Dataset excerpts

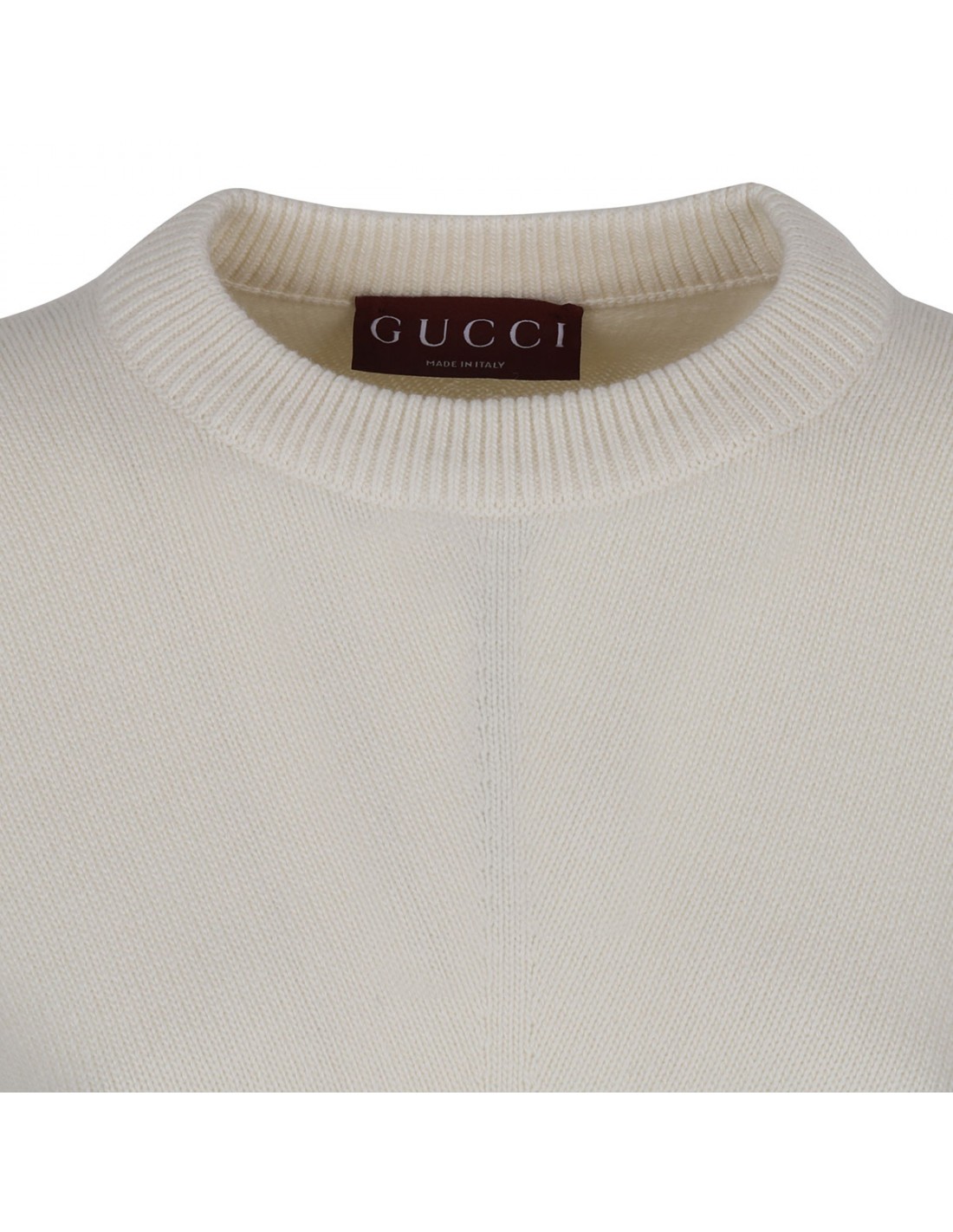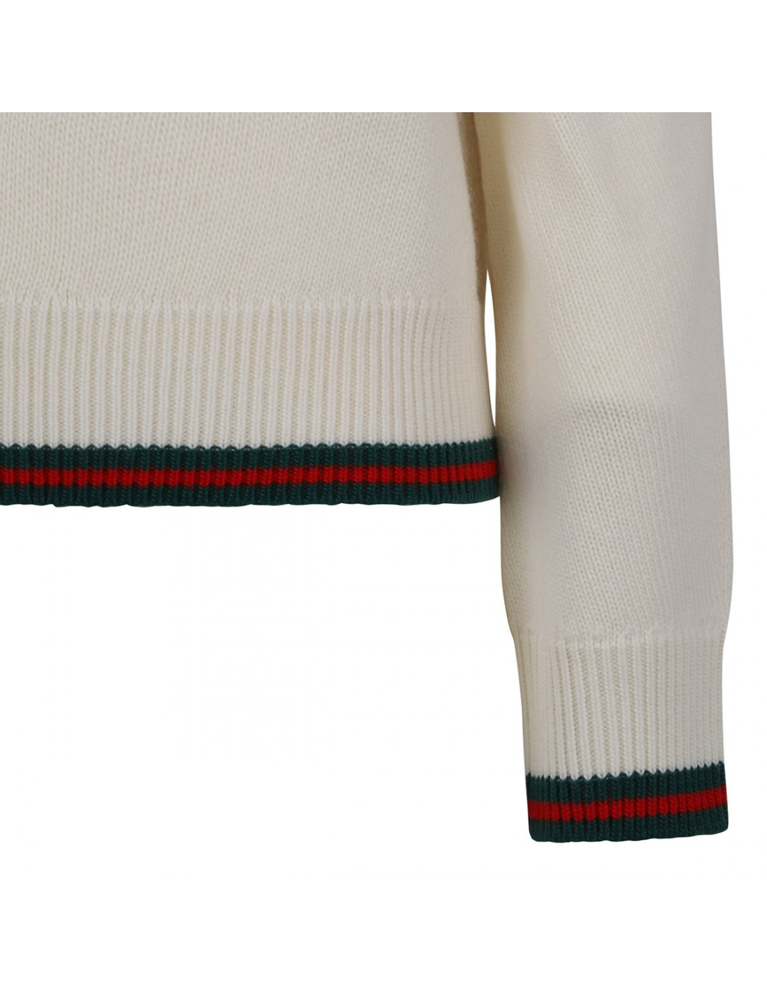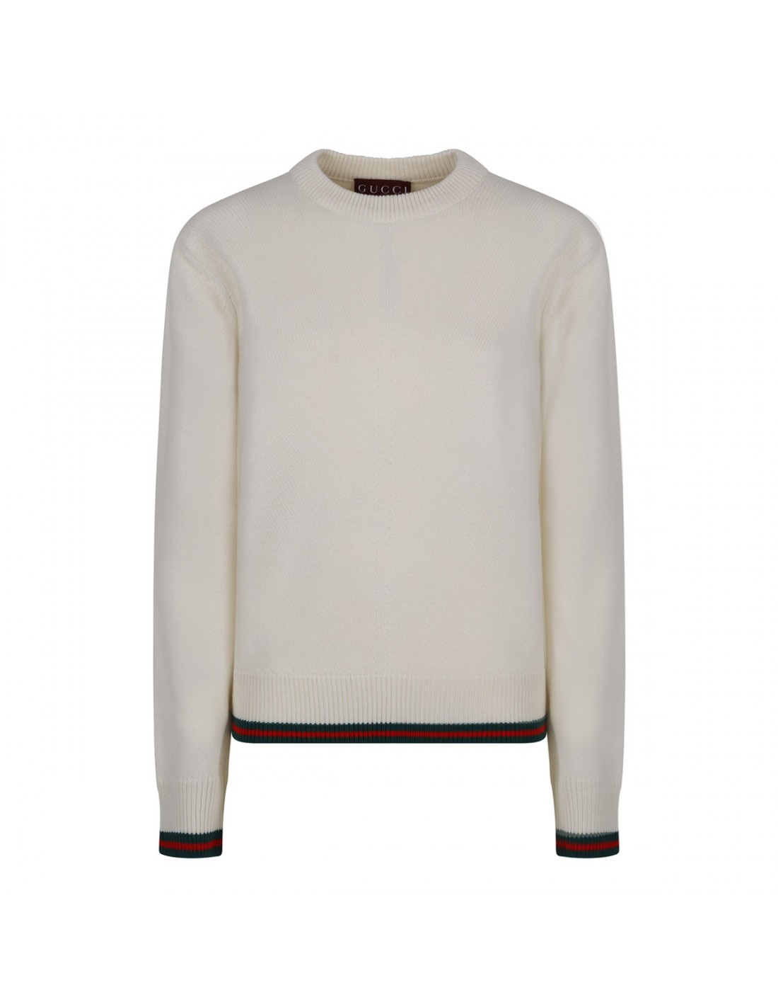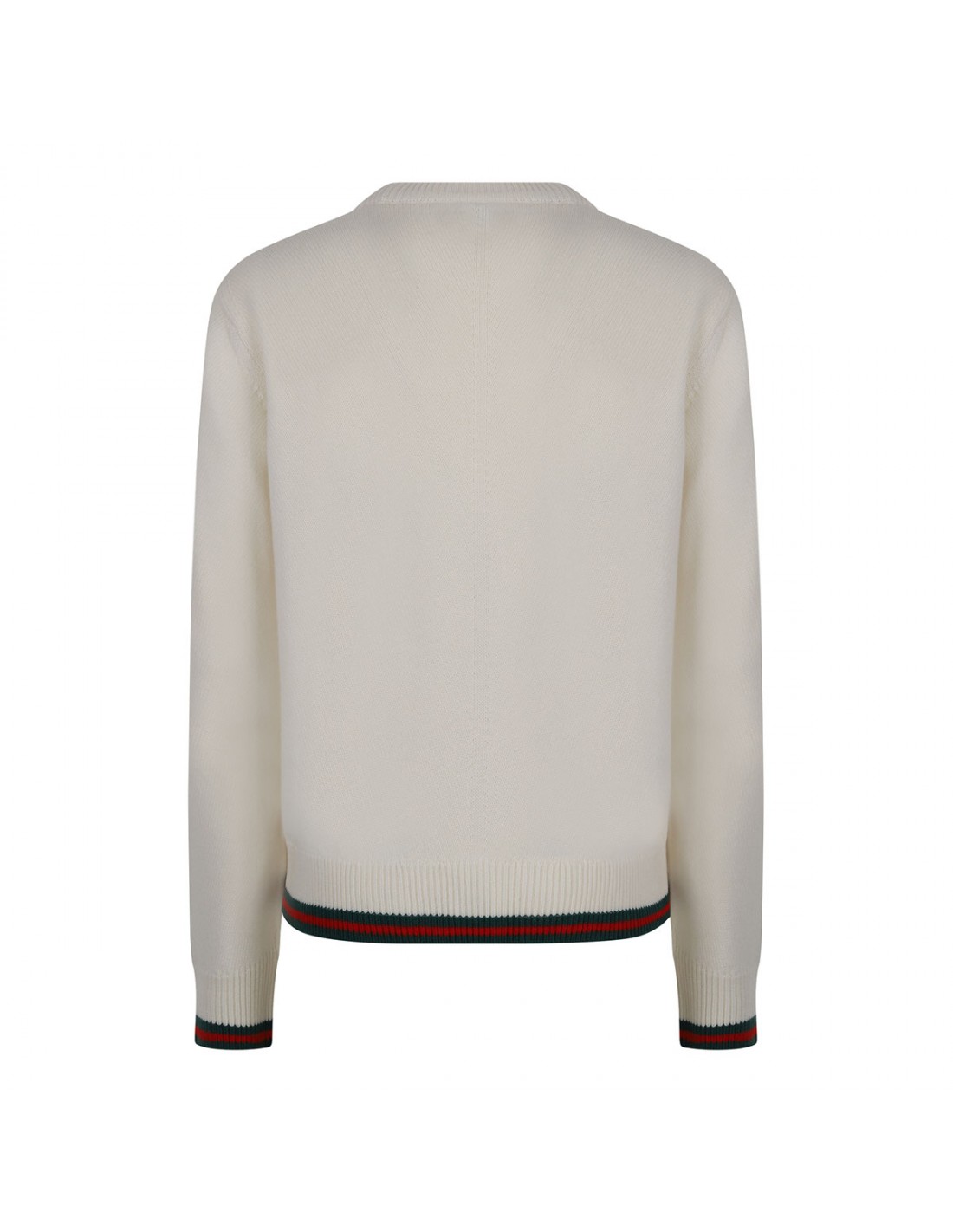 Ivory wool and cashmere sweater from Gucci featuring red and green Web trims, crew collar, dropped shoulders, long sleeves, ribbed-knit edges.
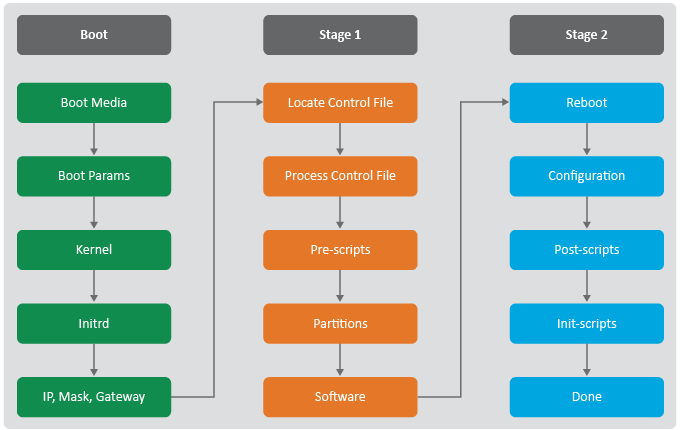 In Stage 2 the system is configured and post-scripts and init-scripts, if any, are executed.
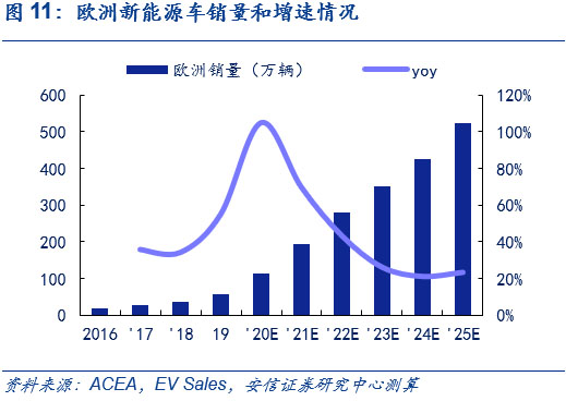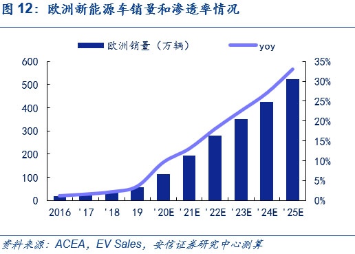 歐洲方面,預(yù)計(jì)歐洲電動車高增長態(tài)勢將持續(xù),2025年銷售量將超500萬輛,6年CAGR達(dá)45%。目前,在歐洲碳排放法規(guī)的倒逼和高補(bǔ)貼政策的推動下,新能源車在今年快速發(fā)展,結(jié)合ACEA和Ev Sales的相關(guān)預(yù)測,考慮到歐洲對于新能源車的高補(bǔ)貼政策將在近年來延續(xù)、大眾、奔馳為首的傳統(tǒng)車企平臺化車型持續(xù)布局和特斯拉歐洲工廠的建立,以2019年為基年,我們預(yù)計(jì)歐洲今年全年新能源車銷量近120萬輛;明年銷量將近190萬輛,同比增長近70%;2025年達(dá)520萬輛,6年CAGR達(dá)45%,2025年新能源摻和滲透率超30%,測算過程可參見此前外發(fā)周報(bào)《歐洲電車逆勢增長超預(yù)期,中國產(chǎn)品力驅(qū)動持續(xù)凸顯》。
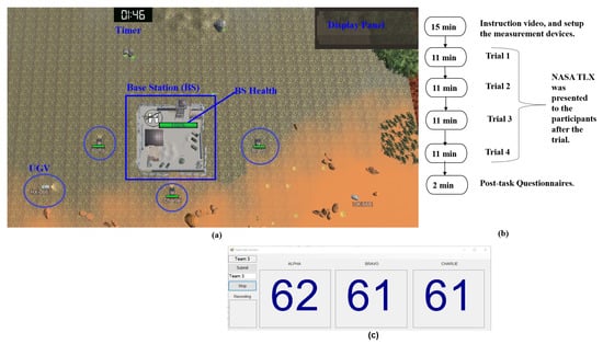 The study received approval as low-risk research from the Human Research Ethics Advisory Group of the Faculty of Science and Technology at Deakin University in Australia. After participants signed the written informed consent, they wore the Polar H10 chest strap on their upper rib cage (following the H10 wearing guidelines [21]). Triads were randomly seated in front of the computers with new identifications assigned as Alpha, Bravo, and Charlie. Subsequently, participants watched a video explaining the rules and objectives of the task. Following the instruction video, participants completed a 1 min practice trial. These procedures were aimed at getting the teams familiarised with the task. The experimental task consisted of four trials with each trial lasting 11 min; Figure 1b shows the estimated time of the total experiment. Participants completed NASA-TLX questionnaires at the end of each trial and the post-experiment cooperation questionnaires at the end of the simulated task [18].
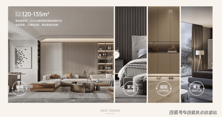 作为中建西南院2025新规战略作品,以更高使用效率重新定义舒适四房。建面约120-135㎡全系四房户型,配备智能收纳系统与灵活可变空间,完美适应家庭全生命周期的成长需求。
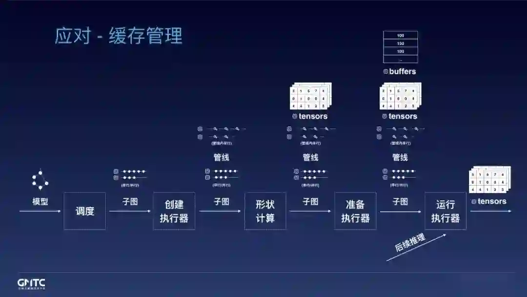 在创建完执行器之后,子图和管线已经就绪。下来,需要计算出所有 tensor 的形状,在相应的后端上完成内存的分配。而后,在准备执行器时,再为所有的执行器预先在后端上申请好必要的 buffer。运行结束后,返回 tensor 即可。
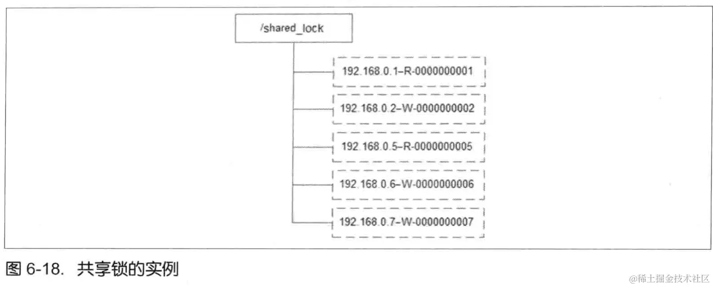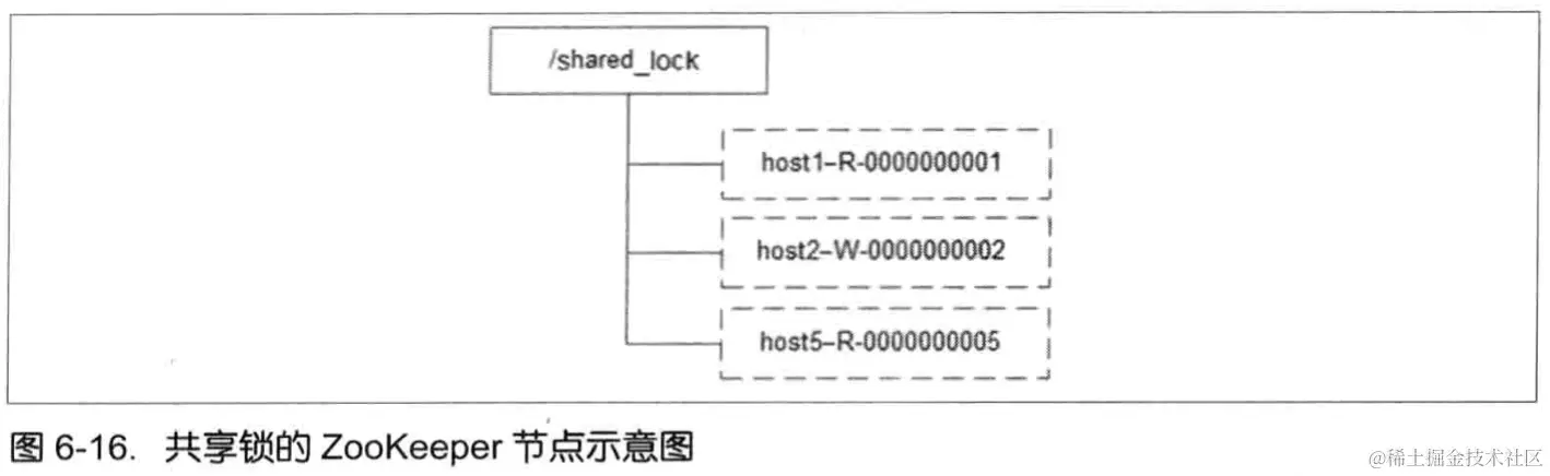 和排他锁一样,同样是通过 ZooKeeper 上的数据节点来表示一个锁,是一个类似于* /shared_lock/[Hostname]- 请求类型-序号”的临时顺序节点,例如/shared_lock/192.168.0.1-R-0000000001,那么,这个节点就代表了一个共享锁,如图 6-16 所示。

Aim of the exercise
Exact copy, no pictures. Write out the lines in the entries above, starting with the line with "In Stage 2 the" and going on through the line with "歐洲方面,預(yù)計(jì", keeping both.

Task response
 In Stage 2 the system is configured and post-scripts and init-scripts, if any, are executed.
 歐洲方面,預(yù)計(jì)歐洲電動車高增長態(tài)勢將持續(xù),2025年銷售量將超500萬輛,6年CAGR達(dá)45%。目前,在歐洲碳排放法規(guī)的倒逼和高補(bǔ)貼政策的推動下,新能源車在今年快速發(fā)展,結(jié)合ACEA和Ev Sales的相關(guān)預(yù)測,考慮到歐洲對于新能源車的高補(bǔ)貼政策將在近年來延續(xù)、大眾、奔馳為首的傳統(tǒng)車企平臺化車型持續(xù)布局和特斯拉歐洲工廠的建立,以2019年為基年,我們預(yù)計(jì)歐洲今年全年新能源車銷量近120萬輛;明年銷量將近190萬輛,同比增長近70%;2025年達(dá)520萬輛,6年CAGR達(dá)45%,2025年新能源摻和滲透率超30%,測算過程可參見此前外發(fā)周報(bào)《歐洲電車逆勢增長超預(yù)期,中國產(chǎn)品力驅(qū)動持續(xù)凸顯》。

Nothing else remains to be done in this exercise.